Although recent flooding has expedited plans for construction of flood channels in the northwest, it is still unclear exactly when residents will see the work completed.

On Wednesday, city officials announced that their new top priority is connecting the Kyle Canyon Detention Basin to existing underground floodwater pipelines that would deposit the water in Lake Mead rather than onto Las Vegas residential streets. Repairs to flood-damaged Grand Teton Drive won’t be made until the channel construction is completed.

Two flood channels are required. One will run along Grand Teton Drive from Hualapai Way to Tee Pee Lane, and a second 1.8-mile channel will run along Grand Teton Drive from Durango Drive to Rainbow Boulevard.

The Kyle Canyon Detention Basin collects rainwater from the Spring Mountains, and more recently, debris from the Carpenter 1 Fire, and slowly lets the mixture flow into an underground pipeline. Since there is no connecting point currently, that mixture surfaces near Grand Teton Drive and Hualapai Way, causing the severe flooding seen in the area the last two weekends, which will cost the city about $350,000 in cleanup costs.

City officials said construction will begin in November on the channel east of U.S. Highway 95. According to city spokeswoman Diana Paul, design for the project west of the highway, which wasn’t planned to begin for at least five years, will begin immediately and is expected to begin in about eight months. It could be finished by early 2015, according to the city.

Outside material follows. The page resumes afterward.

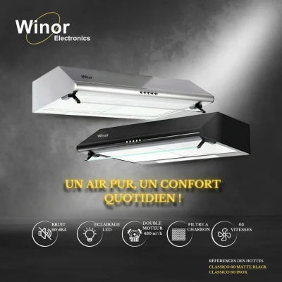 Hotte aspirante winor 90cm Inox Noir Garantie 2 ans Livraison disponible 58wilaya payement à la livraison

The Regional Flood Control District disagrees with the city’s timeline, however. Flood control district spokeswoman Erin Neff called city’s plans “very optimistic.”

According to spokeswoman Kelsey Hand, the flood control district’s engineers are confident that the construction will not begin on the channel east of U.S. 95 until January 2014, and will take no less than 455 days to complete assuming they run into absolutely no delays. That puts the estimated completion date somewhere in the middle of 2015.

The $7 million construction project west of U.S. 95, according to the district, likely wouldn’t be finished until at least the end of 2015.

“We’d love to just snap our fingers and be done, but we can’t,” Hand said.

While their timelines on the final completion dates for the two projects may differ, both the flood control district and the city agree that the projects are high priority and will eventually help quell flooding problems in the northwest.

“We’ll always see water in the street. That’s normal,” Hand said. “We will not see the flooding like we do now, though.”

The flooding has done more than just tear up local streets in Las Vegas and the Spring Mountains. According to Spring Mountain National Recreation Area spokeswoman Skye Sieber, the entrance to Fletcher View Campground in Kyle Canyon was heavily damaged, prompting officials to close the campground indefinitely.